*Stored data*
──────

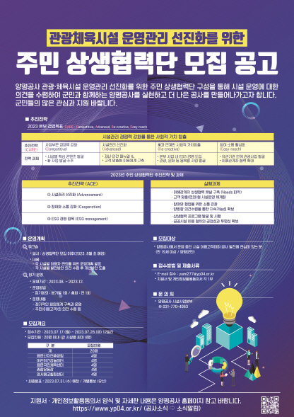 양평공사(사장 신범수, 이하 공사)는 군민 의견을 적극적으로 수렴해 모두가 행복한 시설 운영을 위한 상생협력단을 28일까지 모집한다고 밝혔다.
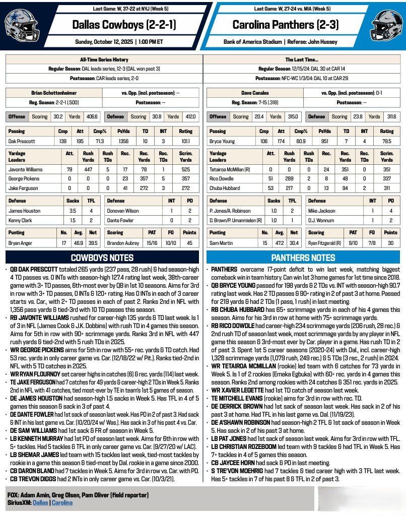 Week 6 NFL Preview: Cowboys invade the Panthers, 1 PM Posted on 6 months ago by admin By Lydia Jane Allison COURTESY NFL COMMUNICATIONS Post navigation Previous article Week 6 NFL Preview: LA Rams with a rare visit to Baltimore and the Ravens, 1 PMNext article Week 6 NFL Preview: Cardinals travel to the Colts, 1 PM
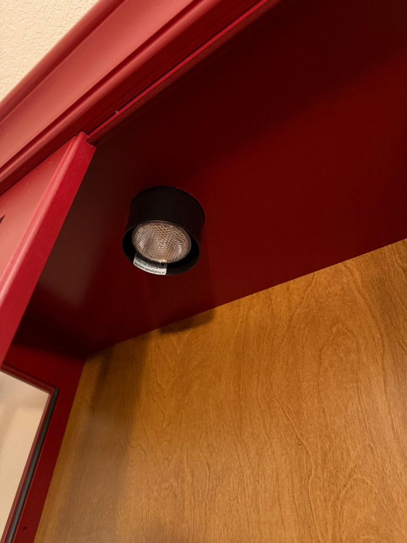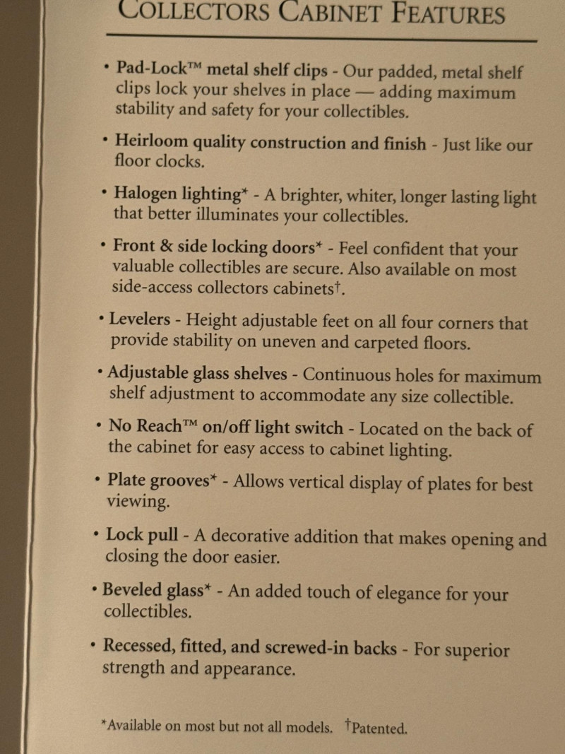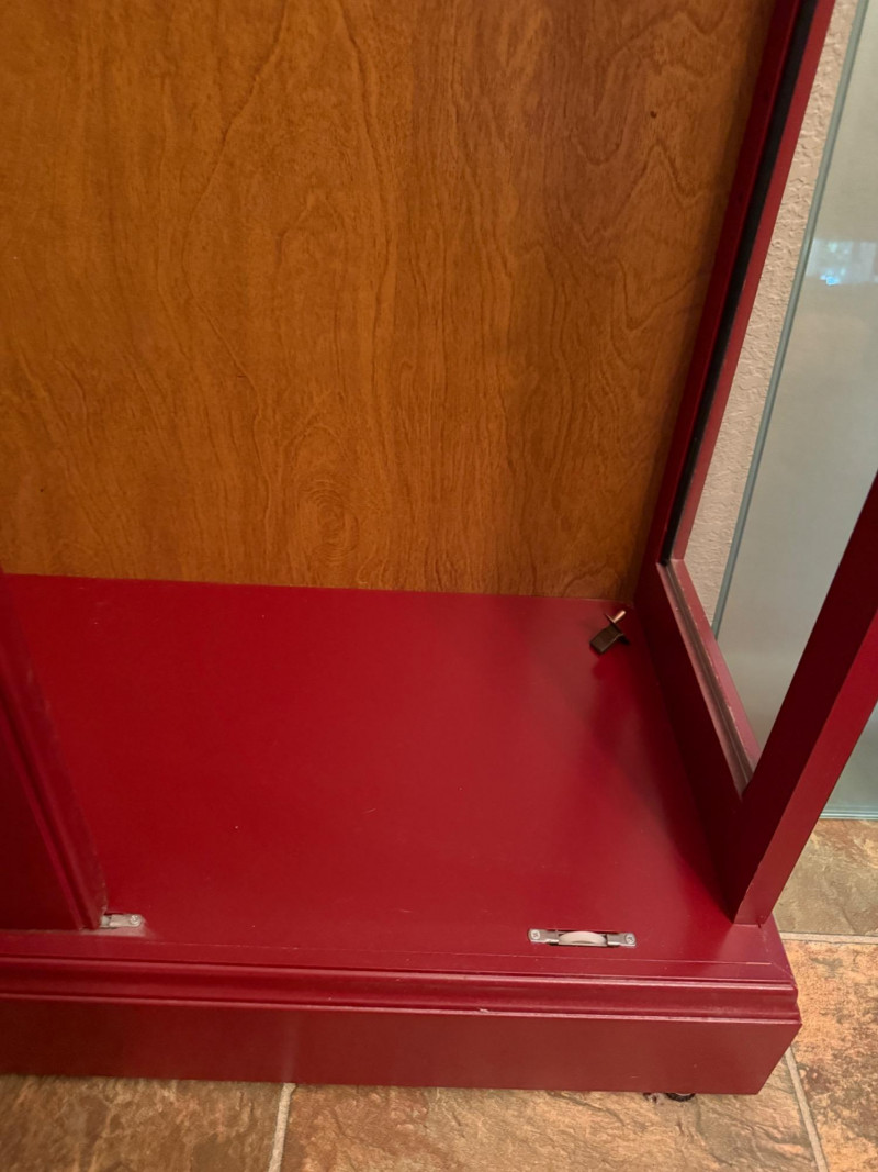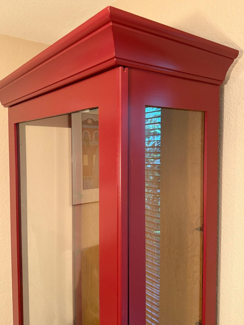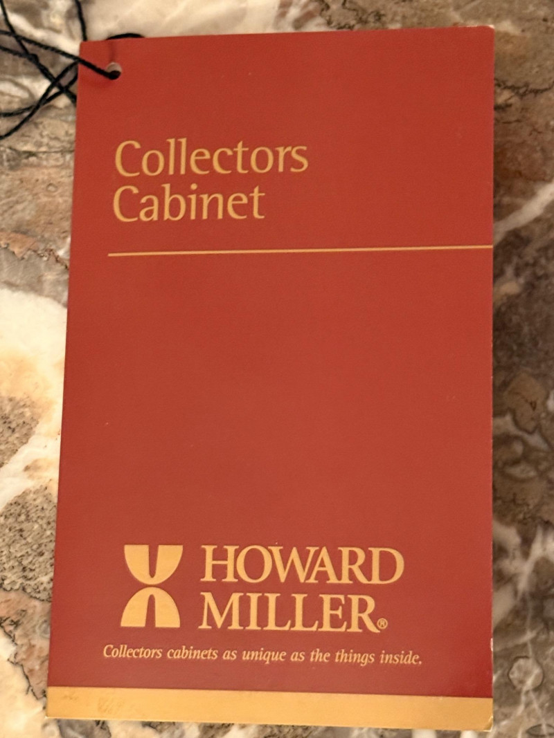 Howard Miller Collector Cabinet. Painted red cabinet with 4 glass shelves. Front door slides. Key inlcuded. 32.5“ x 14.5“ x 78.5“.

──────

*Assigned task*
Return the listing verbatim; pictures are not part of the copy.

*Written reply*
 양평공사(사장 신범수, 이하 공사)는 군민 의견을 적극적으로 수렴해 모두가 행복한 시설 운영을 위한 상생협력단을 28일까지 모집한다고 밝혔다.
 Week 6 NFL Preview: Cowboys invade the Panthers, 1 PM Posted on 6 months ago by admin By Lydia Jane Allison COURTESY NFL COMMUNICATIONS Post navigation Previous article Week 6 NFL Preview: LA Rams with a rare visit to Baltimore and the Ravens, 1 PMNext article Week 6 NFL Preview: Cardinals travel to the Colts, 1 PM
 Howard Miller Collector Cabinet. Painted red cabinet with 4 glass shelves. Front door slides. Key inlcuded. 32.5“ x 14.5“ x 78.5“.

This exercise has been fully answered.